On 22 August 2012, the employees of Dunlop Mixing and Technical Services Proprietary Limited (Dunlop) embarked a protected strike. As is unfortunately often the case, the strike was immediately accompanied by violence and despite Dunlop obtaining an urgent interdict to stop the violence, the violence continued and escalated over the following month. Negotiations between Dunlop and the employees’ trade union, NUMSA, also did not stop the violence. Dunlop called upon NUMSA to assist it in identifying those employees who were responsible for the violence, but not NUMSA did not respond. Dunlop ultimately dismissed all its employees on 26 September 2012.

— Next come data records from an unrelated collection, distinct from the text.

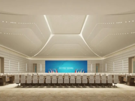 会议中心承担国宾级接待、高端会议等功能,包括1个1.1万平方米超大型多功能主会议室、9个1000平方米大型会议室、36个中小型会议室,配备有数字会议、同声传译、电视转播等多类系统。
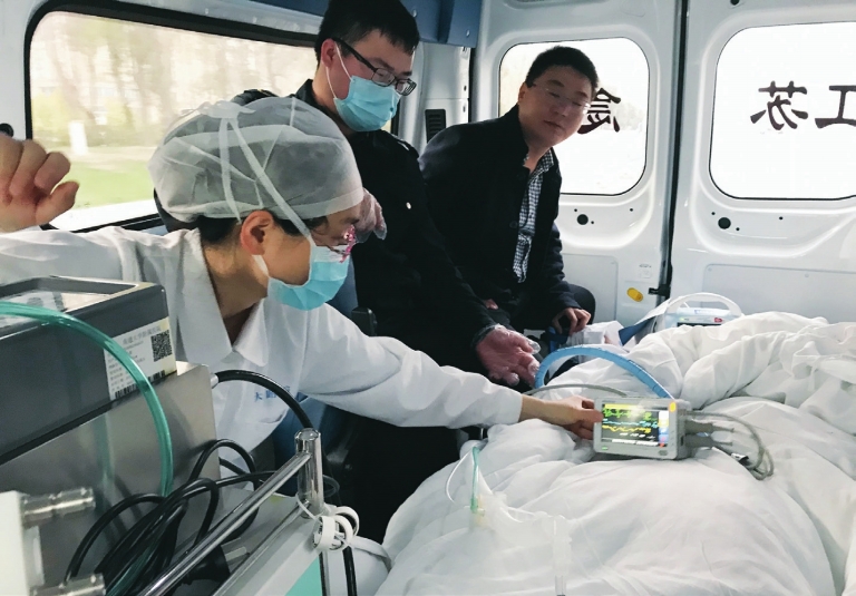 3月17日傍晚,一辆警车前方开道,引导一辆120救护车呼啸进入南通大学附属医院。车上转运的是一位重症肺炎、严重呼吸衰竭的患者,此时患者正在接受ECMO治疗(俗称人工肺),通大附院重症医学科ECMO治疗小组全程随车保驾护航。
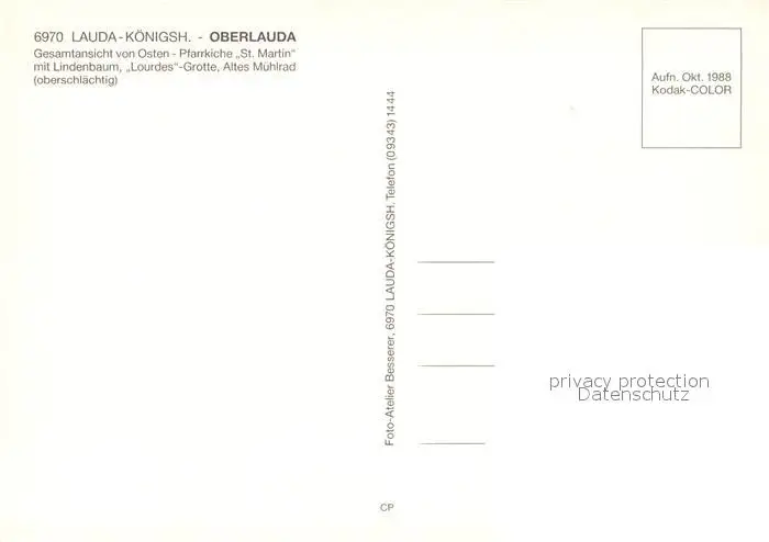 Oberlauda Gesamtansicht Herbststimmung Pfarrkirche St Martin Lindenbaum Lourdes Grotte Altes Muehlrad Oberlauda postalisch nicht gelaufen 1988 Erhaltung siehe scans [FriedD77] Frierer
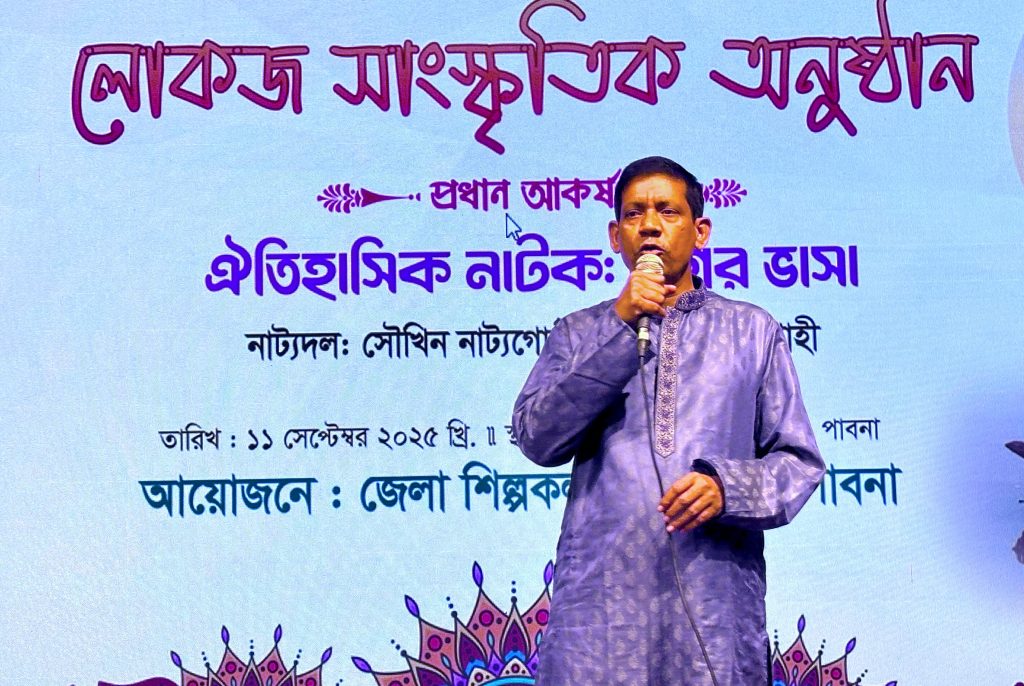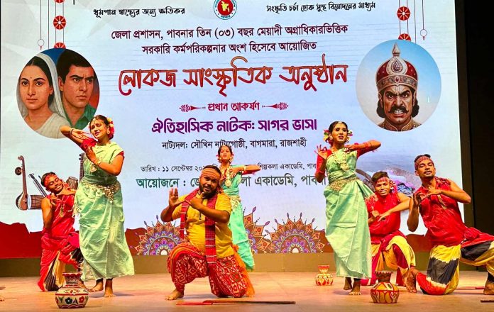 এস এম আলম, ১১ সেপ্টেম্বর: পাবনায় জেলা প্রশাসন পাবনার তিন (০৩) বছর মেয়াদী অগ্রাধিকারভিত্তিতে সরকারি কর্মপরিকল্পনার অংশ হিসেবে আয়োজিত দুই দিনব্যাপী লোকজ সাংস্কৃতিক অনুষ্ঠান শুরু হয়েছে। অনুষ্ঠানের উদ্বোধন করেন প্রধান অতিথি জেলা প্রশাসক মোহাম্মদ মফিজুল ইসলাম। প্রথম দিনের অনুষ্ঠানে লোকজ নৃত্য পরিবেশন করেন নববেশ নৃত্যাঙ্গন, গন্তব্য, জাসাস, শিল্পকলা একাডেমির নৃত্যশিল্পীবৃন্দ সহ আরো অনেকে। দুই দিনব্যাপী এ আয়োজনে আরো রয়েছে পাবনা সংস্কৃতি কেন্দ্রের পরিবেশনায় জারি গান ও জাসাস সহ বাউল শিল্পীদের কন্ঠে বাউল সঙ্গীত। পাবনা জেলার সাংস্কৃতিক উৎকর্ষ সাধন ও সুস্থ ধারার বিনোদনের মাধ্যমে মাদকমুক্ত সমাজ গঠনের প্রত্যয়ে আয়োজিত এ অনুষ্ঠানের সমাপ্তি ১২ সেপ্টেম্বর ২০২৫ তারিখ।
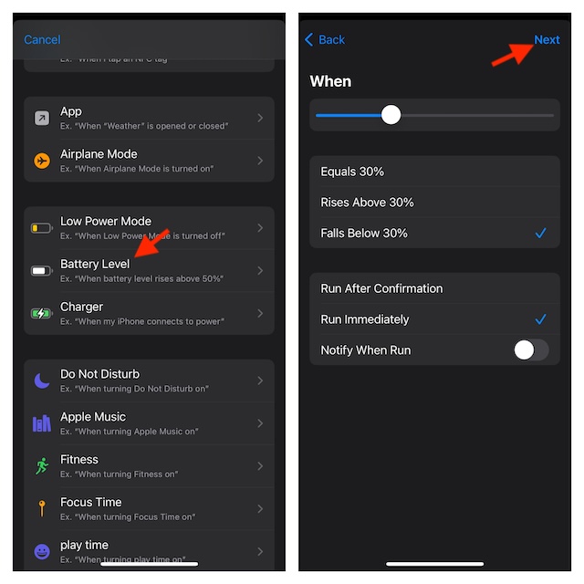 Från och med nu kommer din personliga automatisering att starta när batterinivån på din iPhone når den specifika procentandelen som valts.
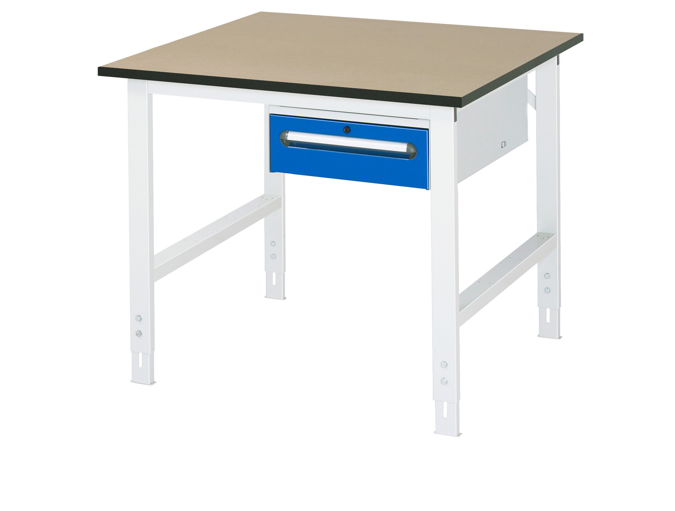 Arbeitstisch Serie Tom (K-Modell 02) B1000 x T1000 x H760-1080 mm MDF-Platte 22 mm. Gestell 60x30 mm, Arbeitshöhe verstellbar. Unterbau-Container mit 1 x Schublade 150 mm. Pulverbeschichtung Flächenlast max. 500 kg Lieferung zerlegt - einfachste Montage Qualitätsgarantie 5 Jahre Made in Germany
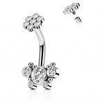 Piercing nombril acier Noir à fleur et papillon strass (filetage interne)

NUMSA challenged the dismissal of its members at the CCMA. The arbitrator distinguished between three categories of employees namely, those who were positively identified as committing violence, those who were identified as present when the violence took place, but did not physically participate, and those who were not positively and individually identified as being present when violence was being committed. The arbitrator reinstated those employees who were not positively identified as being present when violence was being committed. Dunlop challenged the reinstatement of those employees by way of review proceedings in the Labour Court, relying on the principle of derivative misconduct. The Labour Court granted the review. NUMSA appealed to the Labour Appeal Court (LAC) to overturn the Labour Court’s order but this appeal was dismissed.

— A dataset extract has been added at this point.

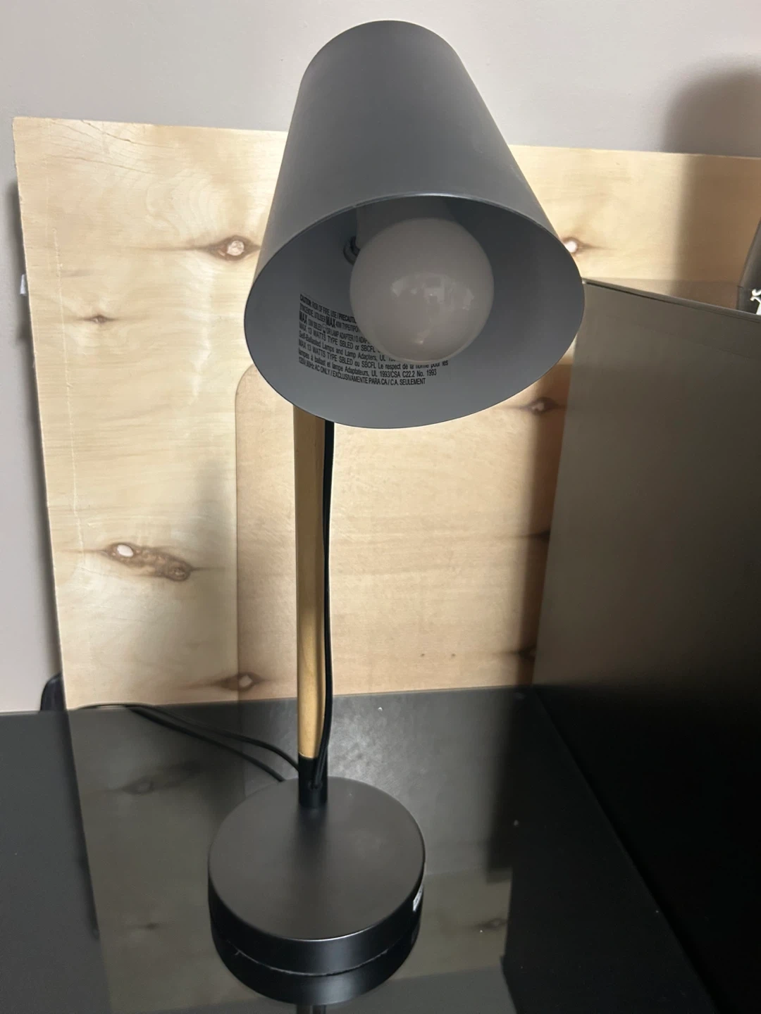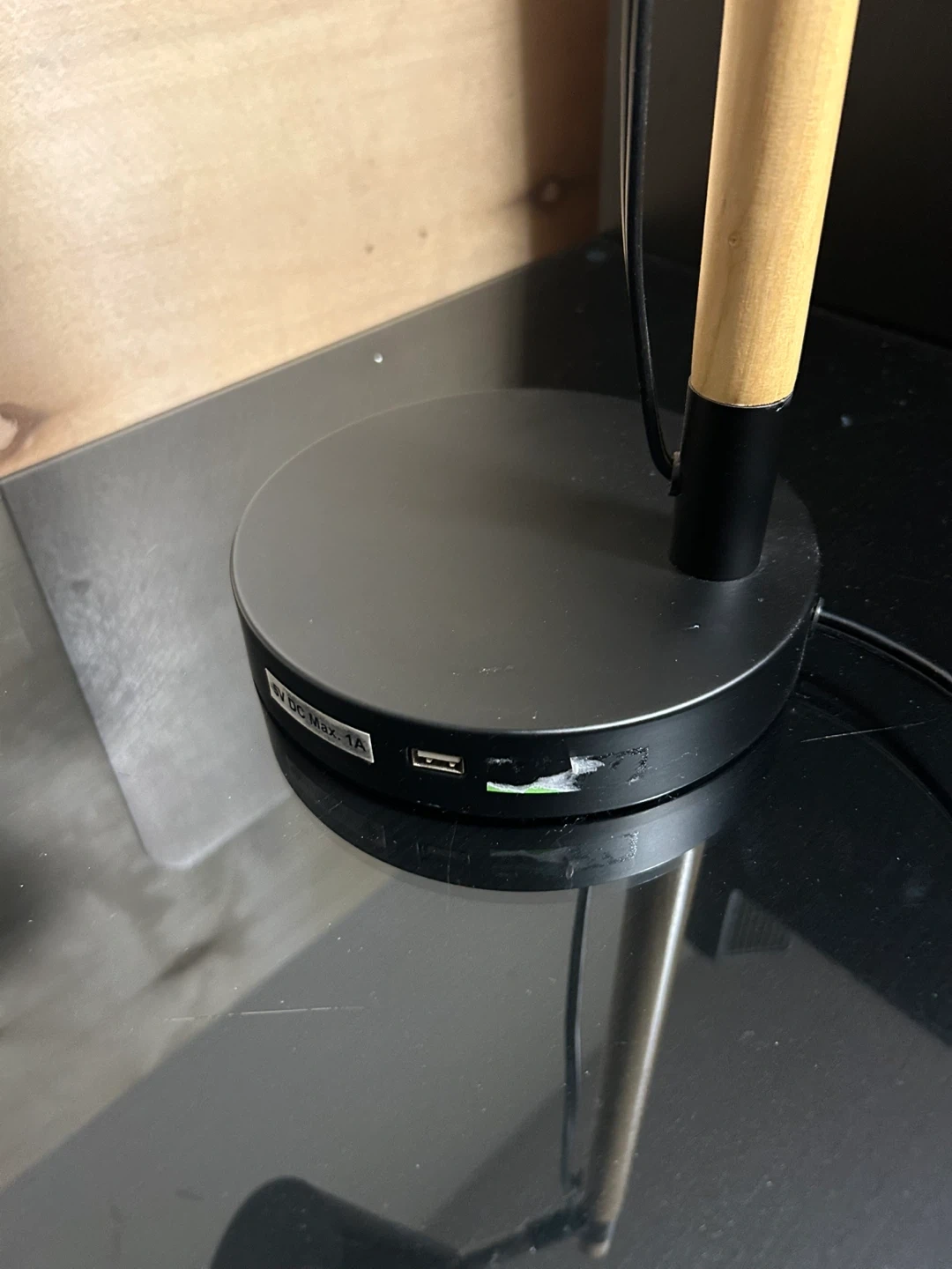 This black desk lamp features a stylish wood accent on the stand. It includes one USB ports on the base for convenient charging. Its adjustable arm and head allow you to direct the light where you need it most. Works well for task lighting.
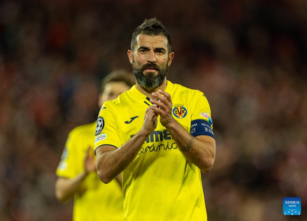 Villarreal's captain Raul Albiol applauds the supporters after the UEFA Champions League semifinal 1st Leg match between Liverpool and Villarreal in Liverpool, Britain, on April 27, 2022.(Xinhua)

In considering the litigation preceding the appeal to the Constitutional Court, the court carefully considered the grounds upon which the arbitrator as well as the Labour and LAC relied upon for their decisions. Considerable emphasis was placed on the presence of the employees during the violent episodes in these tribunals. The Labour Court overturned the arbitrator’s decision on the basis that the arbitrator acted unreasonably in finding that there was no evidence that the applicants were present during the violent episodes and in so doing, the arbitrator ignored the circumstantial evidence and inferential reasoning that should have followed from it. The Labour Court held that their derivative misconduct consisted of a failure to inform the employer of the identity of the perpetrators of violence or exonerating themselves by explaining that they were not present and could not identify the perpetrators. This conduct was held to be a breach of the employees’ duty of good faith. The Labour Appeal Court upheld the Labour Court’s decision and approach.

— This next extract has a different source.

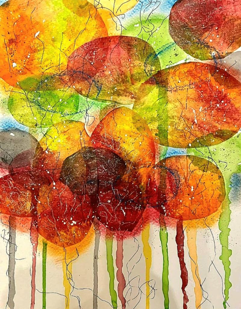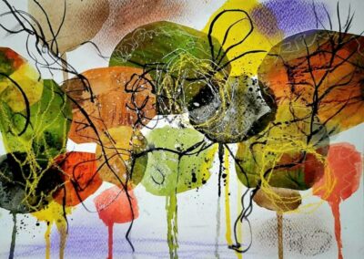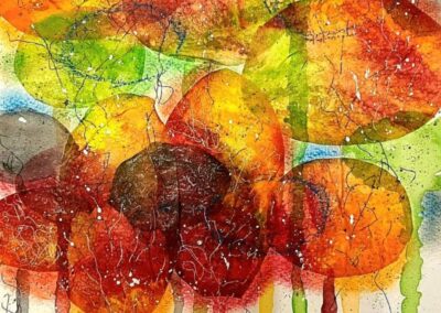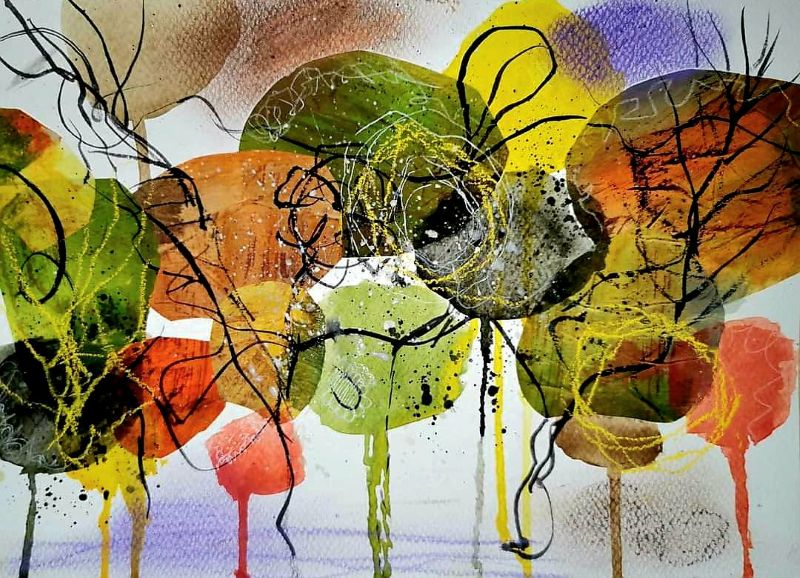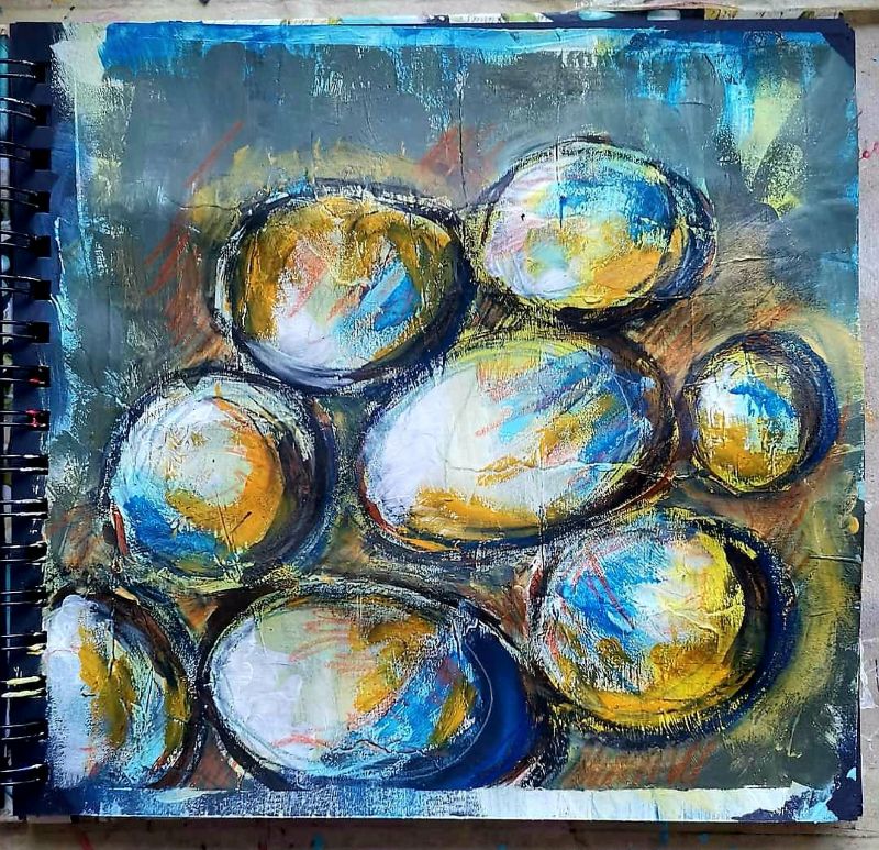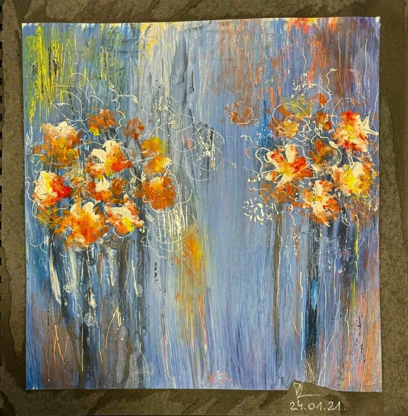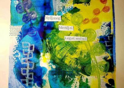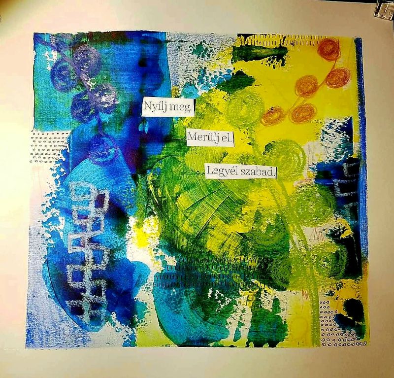 Eddig az akvarellezés volt az én világom. De mivel szeretek új dolgokat tanulni, Tinánál próbáltam már az absztrakt festést, illetve a vegyes technikás alkotást. A 12 hetes online program során beszippantott ez a műfaj is… Lakásfestés miatt kimaradt néhány alkalom, de utána 2 egész ‘Tina-napot’ tartottam, hogy pótoljak. :-)) Ezért, és a fizikai távolság miatt szeretem az online kurzusokat. Bátran ajánlom annak, aki technikai ismeretekre vágyik és gyakorolná az önkifejezést!

The Constitutional Court debunked the notion that reliance, whether directly or indirectly, and by inferential reasoning of the presence of employees is required in establishing a link to the misconduct of other employees. Instead, the Constitutional Court found that presence at the scene is not required but prior or subsequent knowledge of the violence and the necessary intention relation thereto is required.
The Constitutional Court also considered the basis upon which derivative misconduct imputes guilt to those who were not involved in the primary misconduct. The basis upon which derivative misconduct has been justified in earlier decisions of the Labour Court and LAC was based on the breach of a fiduciary duty or good faith obligation towards the employer. The Constitutional Court held that fiduciary duties are not implied by law into all employment relationships. Similarly, the contractual duty of good faith does not as a matter of law imply the imposition of a unilateral obligation on employees to disclose information of misconduct of their co-employees to the employers. The court held that since the contractual obligation of good faith is a contested one, it must, at the very least, be of reciprocal nature. The court further held that inferring the duty of disclosure on the basis of good faith can never be unilateral and such a duty to disclose must be accompanied by reciprocal, concomitant duty on the part of the employer to protect the employees’ individual rights including fair labour practices and the right to effective collective bargaining.
This judgement cautions against relying upon derivative misconduct as an easy way of imputing guilt in respect of employees where there is no clear and direct evidence of any misconduct. That being said, it is still possible to rely on derivative misconduct where all avenues of establishing guilt is not possible provided satisfactory guarantees are given to those required to speak up.